WE DON’T KNOW OURSELVES: A Personal History of Modern Ireland† by Fintan O’Toole. (Liveright, $32.) A prolific journalist and critic, O’Toole felt his own sixty years did not deserve an autobiography, so he instead wrote a “personal history” of contemporary Ireland detailing the country’s dizzying 20th-century shifts – economic, religious, moral, social, political and geopolitical — coming alive through vignettes from O’Toole’s own life. “The real achievement of this book is that it achieves a conscious form of history telling, a personal hybrid that feels distinctly honest and humble at the same time,” writes Colum McCann in his review. “O’Toole didn’t invent the shape, but he comes close to perfecting it. He embraces the contradictions and the confusion. He weaves the flag instead of waving it.”

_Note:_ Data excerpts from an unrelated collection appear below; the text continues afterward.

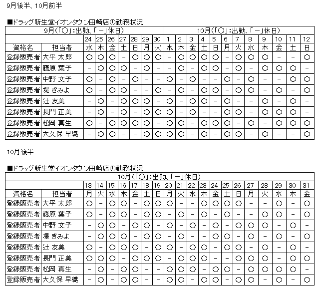 当該店舗に勤務する 資格者の氏名、担当業務等 |
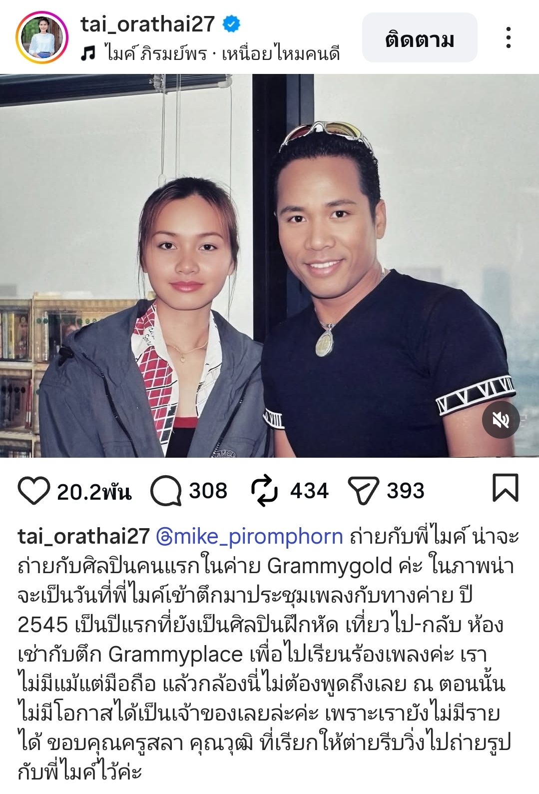 ภาพแรกทำเอาแฟนๆ ซึ้งน้ำตาซึมค่ะ เมื่อสาวต่ายลงรูปคู่กับลูกทุ่งรุ่นพี่ “พี่ไมค์ ภิรมย์พร” ย้อนกลับไปเมื่อปี 2545 นู่นนนน! สมัยเธอยังเป็นแค่ “ศิลปินฝึกหัด” นั่งรถเมล์เทียวไปเทียวมาห้องเช่ากับตึกแกรมมี่เพลส เพื่อมาเรียนร้องเพลง
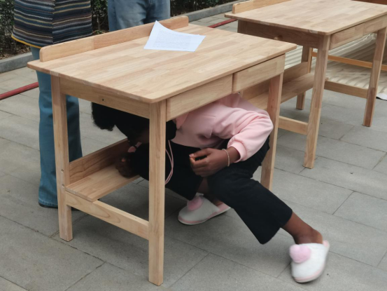 学院书记、副院长曹海飞现场指导,讲解了地震逃生要点,并演示“伏地、遮挡、抓牢”标准动作。师生们在公寓内模拟地震场景,迅速躲避至安全区域,用双臂护住头部,沉浸式掌握自救技巧。
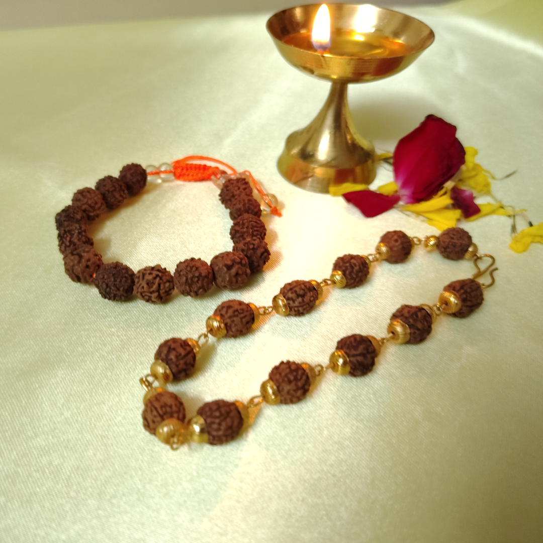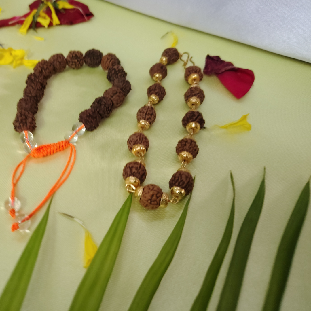 Dual Divine Power: A sacred pair of gold -finish and ethnic Rudraksha bracelet.
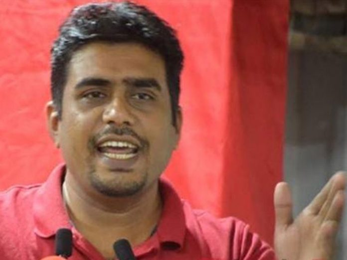 Propaganda Secretary of the Frontline Socialist Party (FSP) Duminda Nagamuwa has been arrested by the Kaduwela Police.
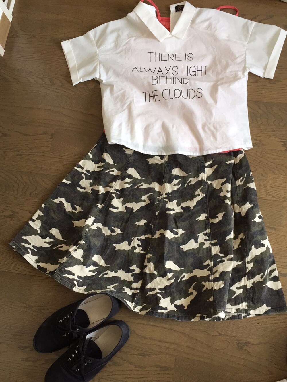 今日はお気に入りのミモレ丈迷彩柄スカート💙💚💛いっつもTシャツだからたまには違う感じにしてみたよ🎵とっても暑い暑い1日でした〜☀️☀️☀️明日も頑張ろう!!!
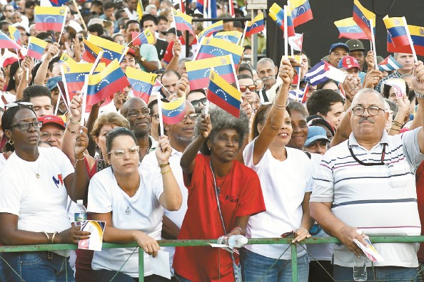 古巴民众集会声援委内瑞拉,抗议美国军事威胁 新华社 发
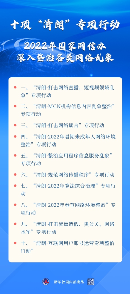 新華社北京3月17日電(記者王思北)記者17日從國新辦舉行的新聞發(fā)布會獲悉,2022年“清朗”系列專項行動將重點開展打擊網(wǎng)絡(luò)謠言,打擊網(wǎng)絡(luò)直播、短視頻領(lǐng)域亂象,算法綜合治理,暑期未成年人網(wǎng)絡(luò)環(huán)境整治等十方面任務(wù)?! ?/p>
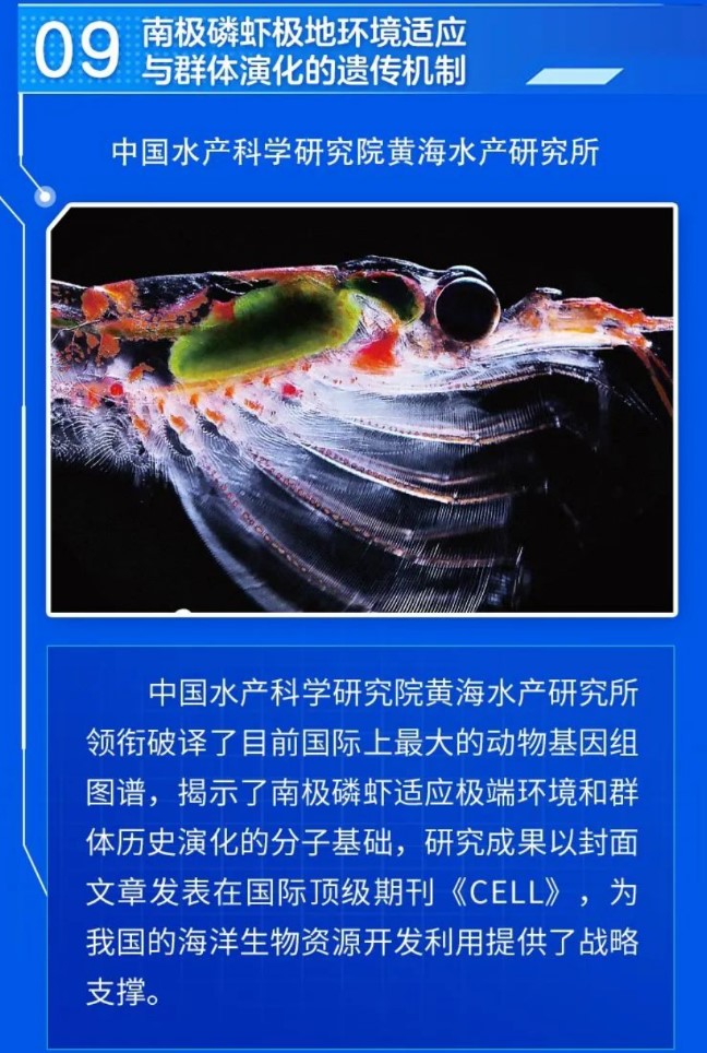 黃海水產研究所邵長偉領銜的國際團隊利用我國科學家自主研發的基因組組裝算法,突破了超大且高重復基因組組裝技術瓶頸,繪制了迄今為止最大的動物基因組圖譜(基因組大小為48Gb,約是人類基因組的16倍,重復序列高達92.45%);首次揭示了南極磷蝦適應極晝極夜生物節律的分子機制;證實了環南極不同群體間的遺傳連通性,發現了環境對種群結構的潛在影響,解析了南極磷蝦種群擴張的演變規律。上述科學發現為海洋生物極端環境適應機制及群體演化研究提供了新的理論參考,為極地漁業資源的管理提供了理論依據。
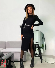 Изящное повседневное платье-лапша длиною ниже колен с глубоким разрезом на бедре отлично подчеркнет достоинства фигуры
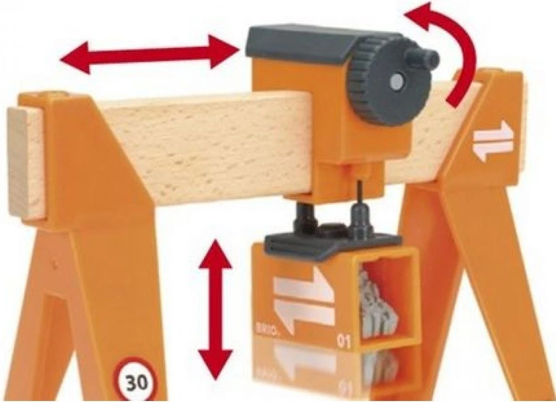 Η ανύψωση, η μεταφορά και η φόρτωση δεν ήταν ποτέ πιο συναρπαστικές! Η Γερανογέφυρα έχει έναv θάλαμο στο πάνω μέρος της, ο οποίος περνά μέσα από τη μπάρα της γέφυρας, πάνω στον οποίο τοποθετείται ο γερανός. Μετακίνησέ τον πάνω από το μαγνητικό φορτίο, μετέφερε το φορτίο και κατέβασέ το πάλι κάτω περιστρέφοντας τη λαβή. Η Γερανογέφυρα περιλαμβάνει και τροχούς έτσι ώστε να μεταφέρεται εύκολα σε κάθε σιδηροδρομικό σύνολο.
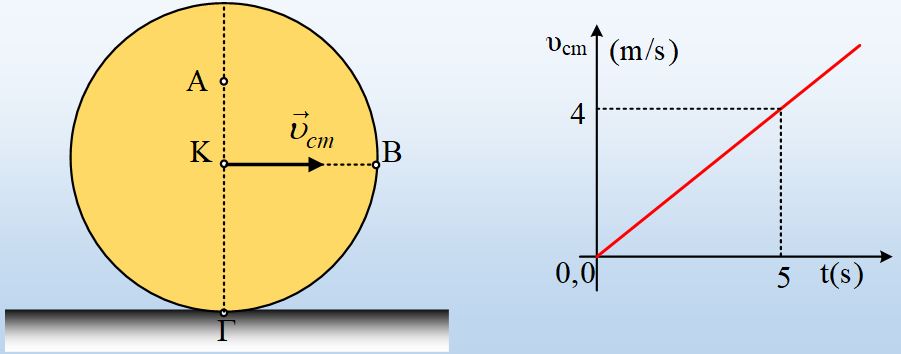 Ένας λεπτός δίσκος, ακτίνας R=0,8m αρχικά ακίνητος σε οριζόντιο επίπεδο, δέχεται κατάλληλη δύναμη οπότε αρχίζει να κυλίεται (χωρίς να ολισθαίνει). Στο πρώτο σχήμα βλέπετε τον κυλιόμενο δίσκο, ενώ στο δεύτερο δίνεται η ταχύτητα του κέντρου του Κ (και κέντρου μάζας του), σε συνάρτηση με το χρόνο.

LIFE BETWEEN THE TIDES, by Adam Nicolson. (Farrar, Straus & Giroux, $30.) A historian and wildlife writer explores tide pools — those shifting ecosystems that form where the ocean meets land — evoking their tiny inhabitants in luminous, beautiful detail. “He operates in a tradition developed by Annie Dillard and perpetuated by the likes of David Haskell – closely observing a discrete patch of earth (or sea) and considering it his muse,” writes Ben Goldfarb in his review. “There’s brutality here, but also brilliance—anemones, despite literal brainlessness, skillfully traded their rivals—and astonishing tenderness.”
WAYS AND RESOURCES: Lincoln and His Cabinet and the Financing of the Civil War, by Roger Lowenstein. (Penguin Press, $30.) Lowenstein brings impressive energy and drama to what would otherwise seem like a dry subject: how the North’s financing of the Civil War contributed to the eventual victory. “Wars cost both money and lives, and the Civil War required what Lowenstein calls ‘gigantic’ sums,” writes Eric Foner in his review. “In the hands of a less able author, the litany of bonds, notes, loans, and forms of currency he discusses can become mind-numbing. But Lowenstein is a clear stylist who can explain financial matters to readers who lack specialist knowledge.”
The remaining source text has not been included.